Jeśli interesuje cię praca w serwisie komputerowym i to faktycznie chciałbyś robić, to nie ma problemu. Jeśli dłubanie w komputerach, ich naprawianie, rozbudowywanie itd. sprawia ci przyjemność, to czemu nie połączyć przyjemnego z pożytecznym? Nie dożyjemy czasów, w których serwisy komputerowe staną się zbędne, więc to całkiem ciekawa perspektywa na przyszłość. Zarobki na pewno nie będą tak wysokie, jak np. w przypadku programistów, więc zastanów się nad swoimi priorytetami.

Błagam niech ktoś da jakieś porady bo nie chce popaść w depresje

Jeśli nie chcesz popaść w depresję, to nie szukaj pomocy w Internecie.

Na temat swojej przyszłości i tego z czym ona się wiąże, szukaj odpowiedzi tam, gdzie się one znajdują — rozmawiaj z nauczycielami, ze znajomymi pracującymi w branży, z firmami itd., czyli z ludźmi, którzy znają środowisko pracy i wymagania.
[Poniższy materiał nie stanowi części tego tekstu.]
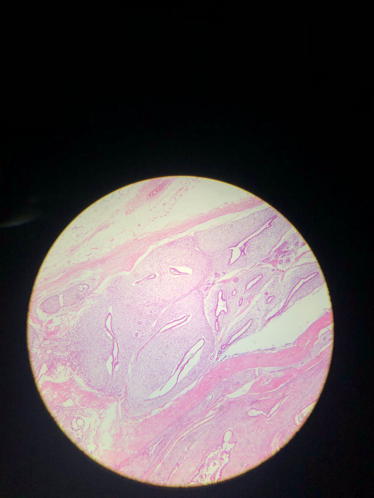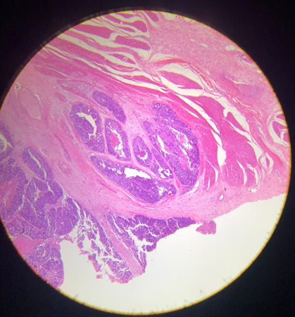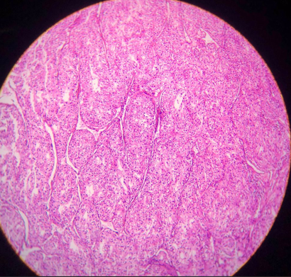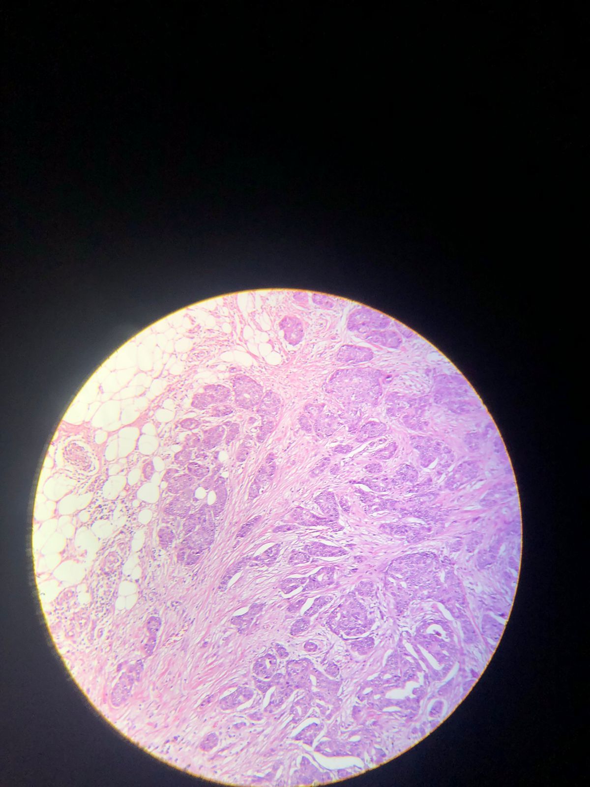 -Descrição: Células epiteliais em proliferação que se assemelham a ductos e glândulas. Formação de ilhas de células de tumor verdadeiro envolto por parênquima fibroso. Possui atipia e alta mitose na área de malignidade.

Zrób research na własną rękę, kontaktuj się z ludźmi i z firmami, osobiście lub drogą elektroniczną, pytaj o to czego nie wiesz i nie bój się pytać. Im lepiej rozeznasz się w temacie, tym łatwiej będzie ci podjąć decyzje.

W razie problemów natury psychologicznej, skorzystaj z pomocy psychologa — to żaden wstyd. A żeby mieć energię do życia, otaczaj się ludźmi, którzy będą cię motywować do działania, od których będziesz się mógł czegoś nauczyć i którzy będą sprawiać, że twoje życie każdego dnia będzie lepsze. Internet to zły wybór, za dużo tu idiotów.

1

Młody będzie dobrze, nie sraj się. Nie twórz sobie wyobrażeń świata na podstawie szajby wyczytanej w internecie.

Jak kończyłem studia za głebokiej platformy to dopiero był smród, brud i g**no i jakoś żyje.